Your task
What you hand back must match the records word for word, with no pictures.

Saved entries
___

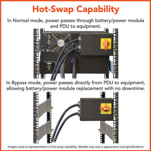 Detachable PDU with manual bypass switch enables hot-swappable UPS power module replacement with no interruption in output power to connected networking equipment
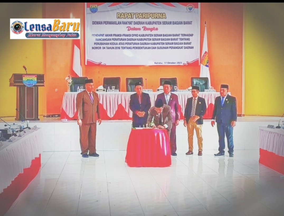 Lensa Baru.Com-Piru Seram Bagian Barat– Dewan Perwakilan Rakyat Daerah (DPRD) Kabupaten Seram Bagian Barat (SBB) menggelar rapat paripurna pendapat akhir fraksi-fraksi terhadap Rancangan Peraturan Daerah (Ranperda) Kabupaten SBB tentang Perubahan Kedua atas Peraturan Daerah Nomor 04 Tahun 2016 tentang Pembentukan dan Susunan Perangkat Daerah, Jumat (17/10/2025).
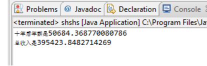 package www; public class shshs { /** * @param args */ public static void main(String[] args) { // TODO Auto-generated method stub double i=30000; int a=1; double sum=0; while (a<=9&&a>=1) { i=i*(1+0.06); sum=sum+i; a++; } System.out.println("十年后年薪是"+i); System.out.println("总收入是"+sum); } }
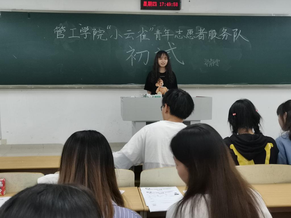 自九月中下旬以来,管工“小云雀”青服经历了线上线下相结合的招新、初试以及复试,逐步完善队伍规模,为新一届管工青服注入了新鲜血液。10月24日,太阳成集团tyc539“小云雀”青年志愿者服务队在江北校区逸智楼A111举行了第一次见面大会。
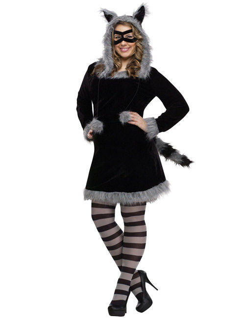 Тази маскировка на миеща мечка включва опашка, качулка за уши, чорапогащи и маска. Роклята е в черно кадифе и сива козина. Раирана опашка и чорапогащи, маскирани очи и изправени уши, ще се объркате с прикрити фестивали.
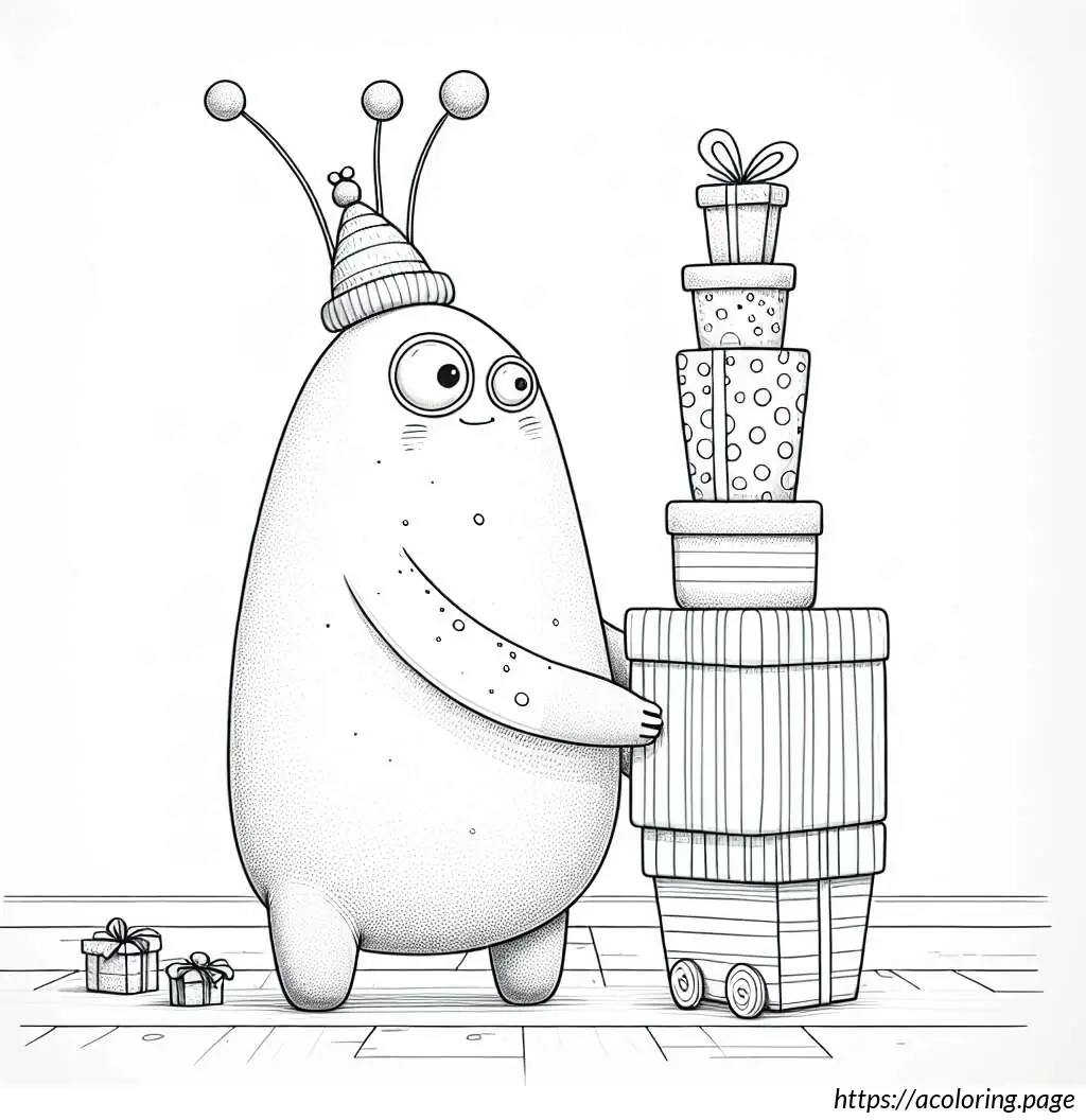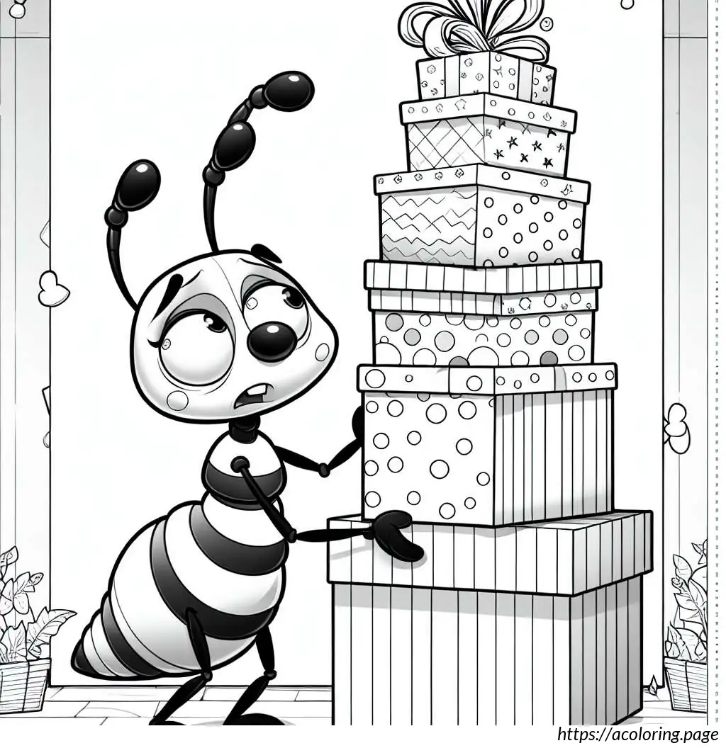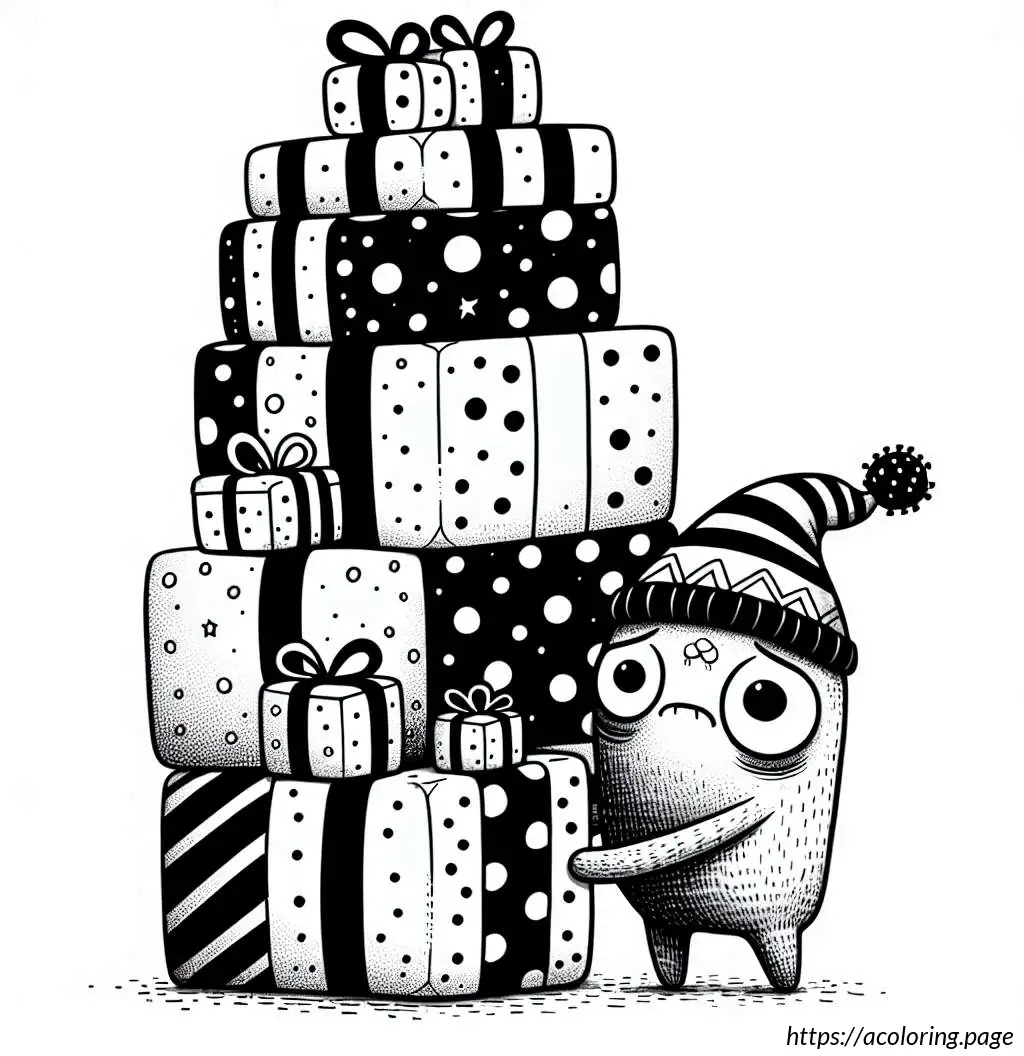 The image depicts a cartoon-style character carrying a large stack of gift boxes. The character appears a bit overwhelmed and is looking upwards with wide eyes towards the top of the stack it’s carrying. It has ant-like antennas and stands upright on two legs. The gift boxes vary in design and size, with features such as stars, dots, and ribbons. The bottom gift box is much larger than the others, adorned with a polka dot pattern, and the box on top has a simple bow. The background shows a simple indoor setting, indicating a room with an implied corner. Overall, it’s a playful illustration, possibly representing the challenges of balancing multiple tasks or responsibilities.

___

Result for this exercise
 Detachable PDU with manual bypass switch enables hot-swappable UPS power module replacement with no interruption in output power to connected networking equipment
 Lensa Baru.Com-Piru Seram Bagian Barat– Dewan Perwakilan Rakyat Daerah (DPRD) Kabupaten Seram Bagian Barat (SBB) menggelar rapat paripurna pendapat akhir fraksi-fraksi terhadap Rancangan Peraturan Daerah (Ranperda) Kabupaten SBB tentang Perubahan Kedua atas Peraturan Daerah Nomor 04 Tahun 2016 tentang Pembentukan dan Susunan Perangkat Daerah, Jumat (17/10/2025).
 package www; public class shshs { /** * @param args */ public static void main(String[] args) { // TODO Auto-generated method stub double i=30000; int a=1; double sum=0; while (a<=9&&a>=1) { i=i*(1+0.06); sum=sum+i; a++; } System.out.println("十年后年薪是"+i); System.out.println("总收入是"+sum); } }
 自九月中下旬以来,管工“小云雀”青服经历了线上线下相结合的招新、初试以及复试,逐步完善队伍规模,为新一届管工青服注入了新鲜血液。10月24日,太阳成集团tyc539“小云雀”青年志愿者服务队在江北校区逸智楼A111举行了第一次见面大会。
 Тази маскировка на миеща мечка включва опашка, качулка за уши, чорапогащи и маска. Роклята е в черно кадифе и сива козина. Раирана опашка и чорапогащи, маскирани очи и изправени уши, ще се объркате с прикрити фестивали.
 The image depicts a cartoon-style character carrying a large stack of gift boxes. The character appears a bit overwhelmed and is looking upwards with wide eyes towards the top of the stack it’s carrying. It has ant-like antennas and stands upright on two legs. The gift boxes vary in design and size, with features such as stars, dots, and ribbons. The bottom gift box is much larger than the others, adorned with a polka dot pattern, and the box on top has a simple bow. The background shows a simple indoor setting, indicating a room with an implied corner. Overall, it’s a playful illustration, possibly representing the challenges of balancing multiple tasks or responsibilities.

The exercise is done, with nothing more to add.